Shellous supports different STDOUT behavior when using different Python types.

Python Type Behavior as STDOUT/STDERR
Path Write output to the file path specified by Path.
bytearray Write output to a mutable byte array.
File, StringIO, ByteIO Write output to an open file object.
int Write output to existing file descriptor at its current position. 🔹
logging.Logger Log each line of output. 🔹
asyncio.StreamWriter Write output to StreamWriter. 🔹
sh.CAPTURE Capture output for async with. 🔹
sh.DEVNULL Write output to /dev/null. 🔹
sh.INHERIT Write output to existing sys.stdout or sys.stderr. 🔹

🔹 For these types, there is no difference between using | and >>.

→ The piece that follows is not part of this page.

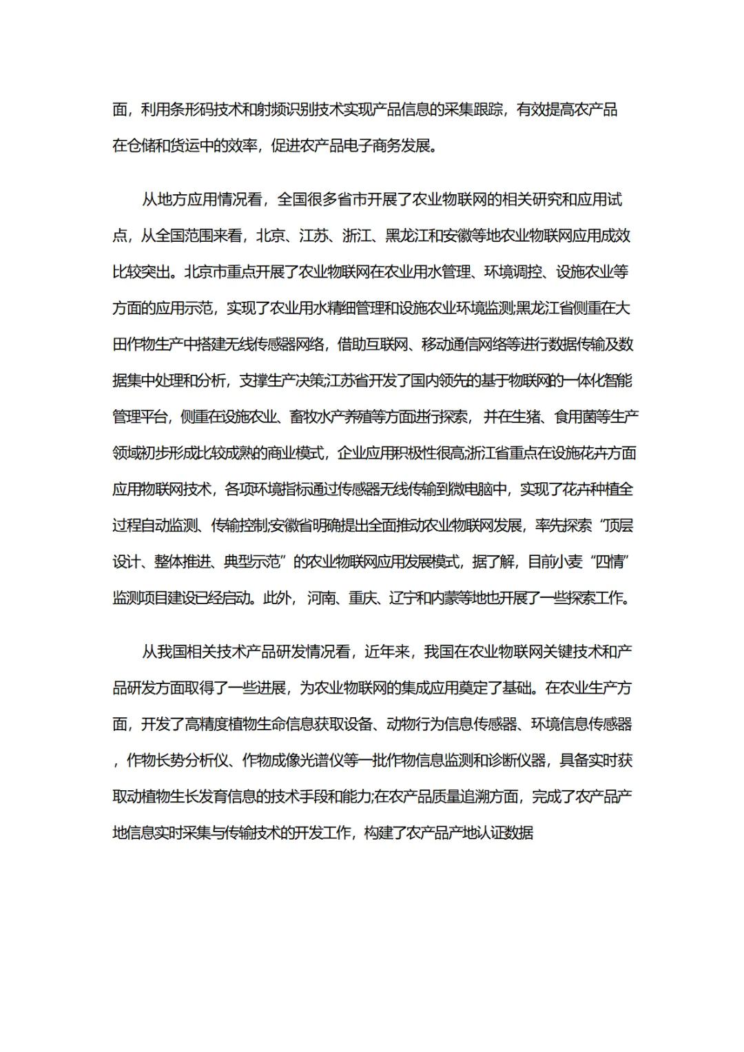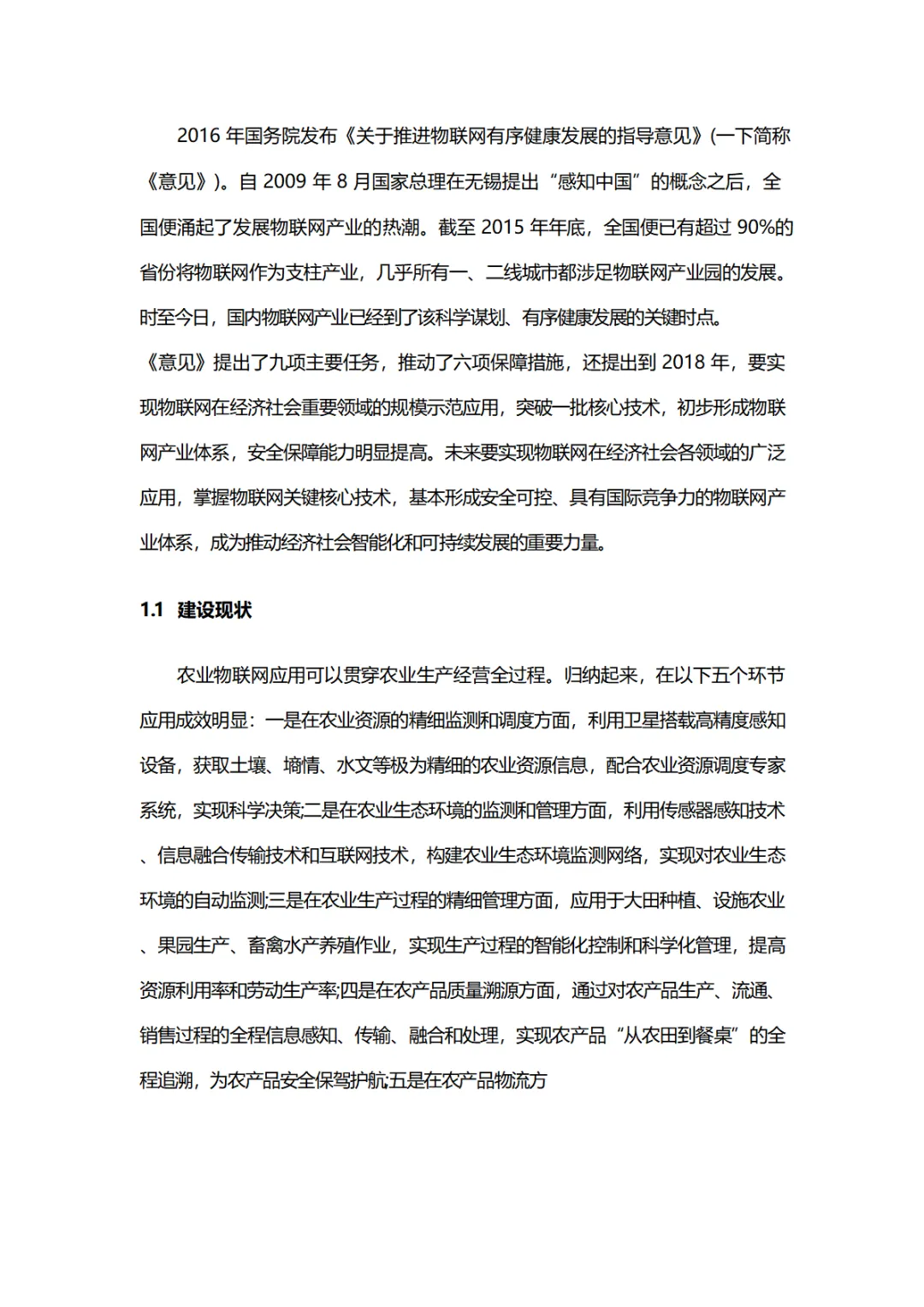 方案建设背景依托国家战略性新兴产业与物联网发展规划,目前农业物联网已在资源监测、生态管理、生产精细管控、质量溯源、物流电商五大环节落地,北京、江苏等省市形成试点成效,技术研发也在传感器、溯源终端等方面取得突破,但行业仍存在商业模式不足、高端人才缺失等问题。

Shellous does not support redirecting standard output/error to a plain str or bytes object. If you intend to redirect output to a file, you must use a pathlib.Path object.

Redirecting Standard Error

By default, the first 1024 bytes of standard error is collected into the Result object.

To redirect standard error, use the stderr method. Standard error supports the same Python types as standard output. To append, set append=True in the stderr method.

To redirect stderr to the same place as stdout, use the sh.STDOUT constant. If you also redirect stdout to sh.DEVNULL, you will only receive the standard error.

>>> cmd = sh("cat", "does_not_exist").stderr(sh.STDOUT)
>>> await cmd.set(exit_codes={0,1})
'cat: does_not_exist: No such file or directory\n'

To redirect standard error to the hosting program's sys.stderr, use the sh.INHERIT redirect option.

>>> cmd = sh("cat", "does_not_exist").stderr(sh.INHERIT)
>>> await cmd
cat: does_not_exist: No such file or directory
Traceback (most recent call last):
  ...
shellous.result.ResultError: Result(exit_code=1, output_bytes=b'', error_bytes=b'', cancelled=False, encoding='utf-8')

If you redirect stderr, it will no longer be stored in the Result object.

Default Redirections

For regular commands, the default redirections are:

  • Standard input is read from the empty string ("").
  • Standard out is buffered and stored in the Result object (BUFFER).
  • First 1024 bytes of standard error is buffered and stored in the Result object (BUFFER).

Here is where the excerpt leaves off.